“What if perpetual credit expansion and its fertilization of asset prices and returns are substantially altered?” asked Bill Gross, founder, managing director, and co-chief investment officer at PIMCO, in an Investment Outlook letter published on Wednesday. “What if zero-bound interest rates define the end of a total return epoch that began in the 1970s, accelerated in 1981 and has come to a mathematical dead-end for bonds in 2012/2013 and commonsensically for other conjoined asset classes as well?”
The letter waxes philosophically over the definition of a great investor. There’s no denying that Gross, with as much as $1.9 trillion under management, is one of the most iconic and successful investors on the planet today. He includes himself in a pantheon of “old guys like Buffett, Soros, [and] Fuss” who — in the eyes of the public — represent investment’s highest echelon.
But is he a great investor? Gross begins the letter by asking this question, and immediately answers: “No, not yet.” The reason? To sum it up: Gross believes that the epoch, as he calls it, defines who is a great investor, not the other way around.
“Ex-Fidelity mutual fund manager Peter Lynch was certainly brilliant in one respect: he knew to get out when the gettin’ was good. How his ‘buy what you know best’ philosophy would have survived the dot-coms or the Lehman/subprime bust is another question,” writes Gross. He suggests that adapting to a new epoch “would be a test of greatness.”
Getting back to the “what if” question, Gross speculates that in the wake of aggressive monetary policy, championed by the U.S. Federal Reserve, a new epoch in the history of investment is beginning, and as a result the old pros my find themselves without a winning strategy.
“What if quantitative easing policies eventually collapse instead of elevate asset prices?” he asks. What made sense over the years of credit expansion may not work in the years ahead, rendering the strategies of today’s greatest investors at some point obsolete.
Gross’s letter is refreshing because it blatantly challenges the metrics that those in the money management business use to evaluate themselves. The title of the letter — A Man In The Mirror — refers to the idea that “when looking in the mirror, the average human sees a six-plus or a seven reflection on a scale of one to ten.” That is, the reflection does not reflect reality.

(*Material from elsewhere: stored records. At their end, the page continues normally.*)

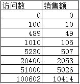 这里举个电商的例子:电子商务的转换率是一定的,网站访问数一般正比对应于销售收入,现在要建立不同访问数情况下对应销售的标准曲线,用来预测搞活动时的销售收入,如下所示:
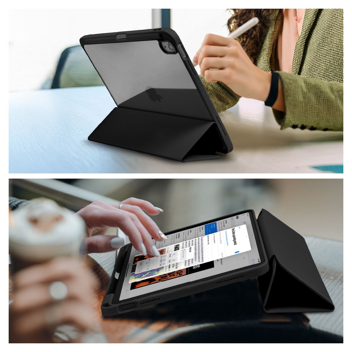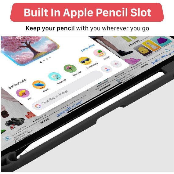 This trifold case fully envelops your iPad, offering all around protection when on the go while showing your iPad’s original aesthetic. The case also includes a slot for your Apple Pencil.
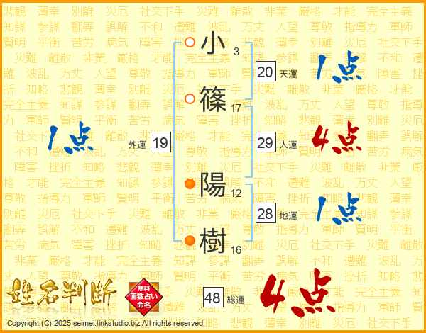小篠陽樹さんの総運は48画の4点!
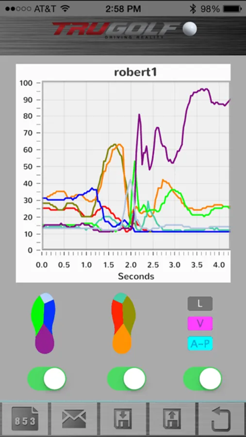 With TruBalance V, we’ve added high-speed video capture that is synced with the insole data to allow evaluation of your CORE balance position at various points in the golf swing or during a putt. The app allows you to save and share your CORE balance data and videos of your swings between users via email.
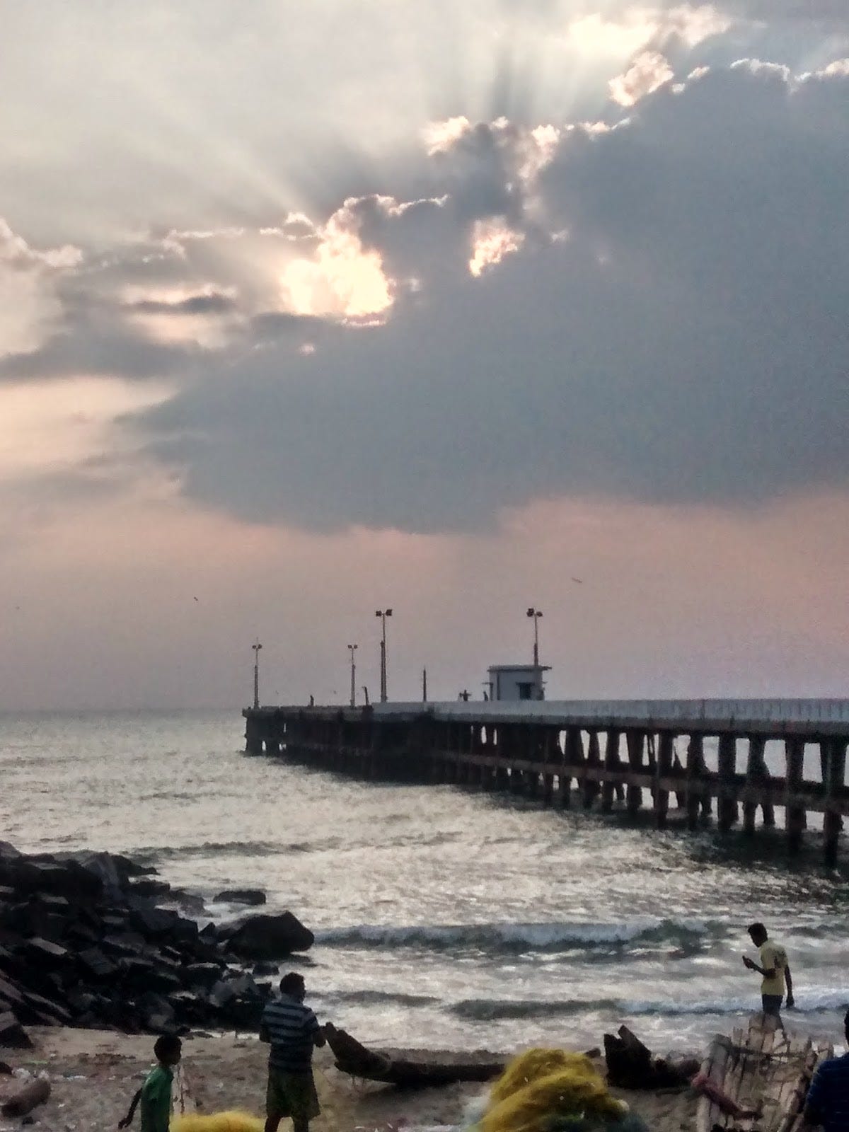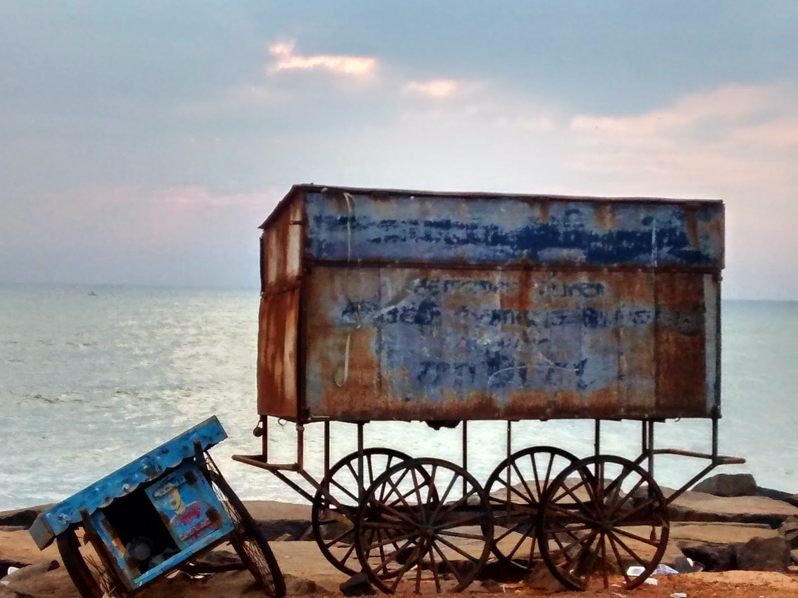 The sunrise was to happen at 6.35. We managed to reach the beach by 6.40. This was the first time I had seen a rocky beach. It was good break from all the sandy beaches I had been visiting all these years.The clouds blocked the sun entirely. We could only see patches of orange in the sky. In the small area in between the beach and the well laid cement road, many food carts were lined up. I presume that they function only in the evening. However, those rusty pieces of metal looked like works of art in the background of the sea and sky. Though it may sound abstract , I always feel that poetry is in the ability to see mundane things from a different angle.
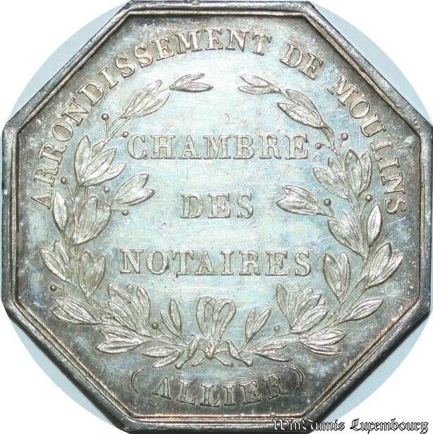 S2188 France Jeton Chambre Notaires Arrondt Moulins Allier Leges et Mores Argent
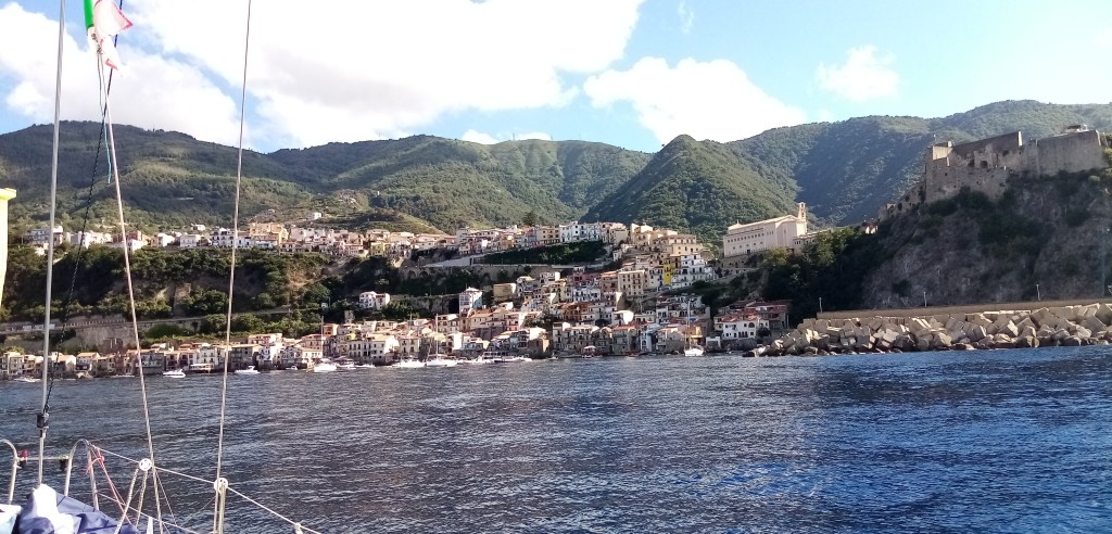 Nous arrivons enfin devant Scilla. Est ce elle qui a inspiré Homère ou l’inverse ? L’escale est trop belle pour ne pas calquer notre odyssée sur celle d’Ulysse. Devant le petit port se dresse le gros rocher mythique chanté par Homère et qui hébergeait un monstre marin. Derrière, et sur tout le littoral, la montagne calabraise tombe dans la mer dans un paysage à couper le souffle. C’est une belle surprise car beaucoup de navigateurs dénigrent la Calabre. Je m’inscris en faux, c’est un pays magnifique.
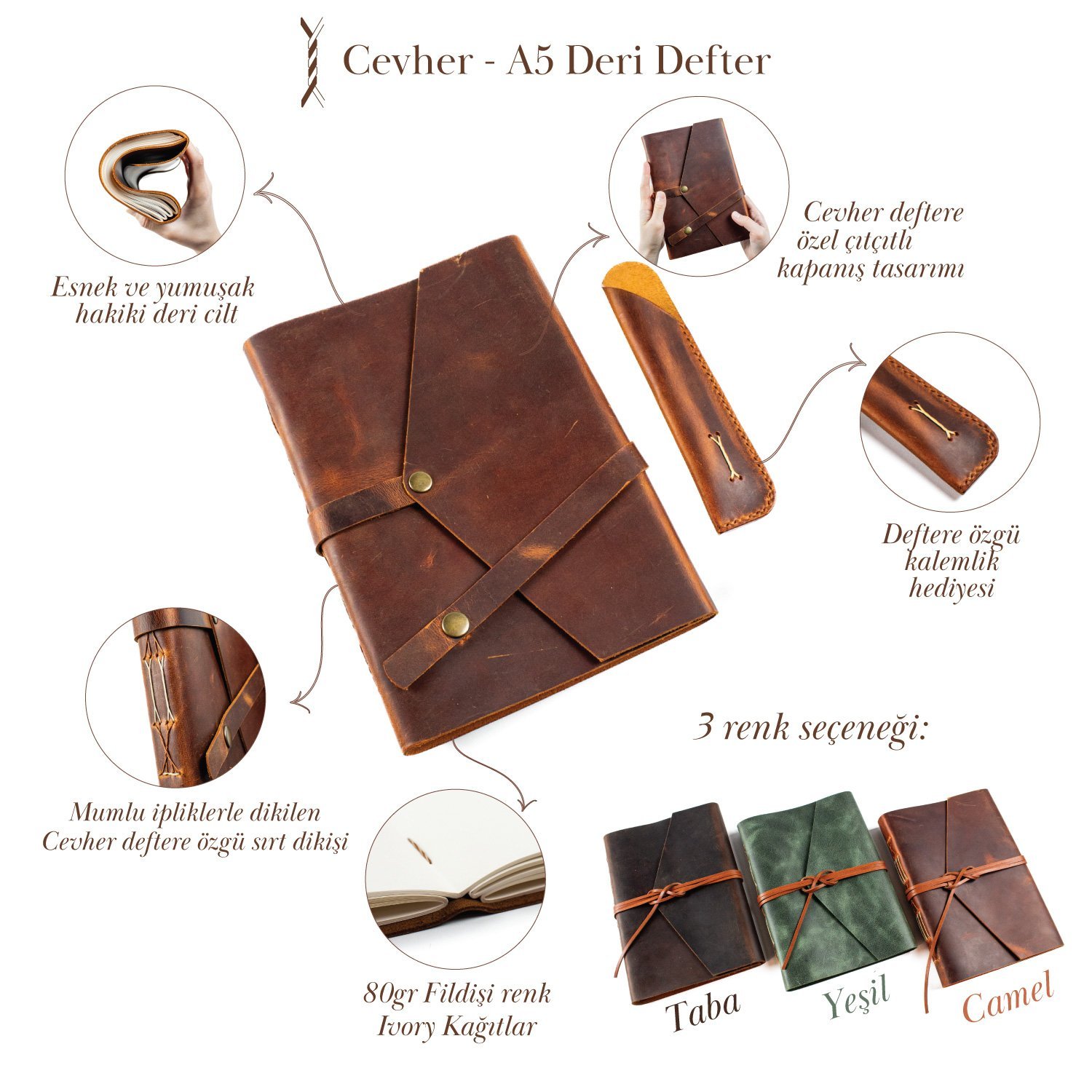 - Cevher deri defter tamamen el yapımıdır.

Gross goes on to suggest that the natural solution to this problem is to rely on more objective, quantitative metrics, such as “total return and alpha histories that purport to show how much better an individual or a firm has been than the competition, or if not, what an excellent return relative to inflation, or if not, what a generous amount of wealth creation over and above cash.”
However, he argues that these metrics tend to yield deceptively positive conclusions about those who use them. The net effect makes them almost as meaningless as the self reflection metric. The right numbers in the right light can make anyone look good.
“My point is this,” Gross writes. “PIMCO’s epoch, Berkshire Hathaway’s epoch, Peter Lynch’s epoch, all occurred or have occurred within an epoch of credit expansion.” The question left on the table is, how will investors change with the times?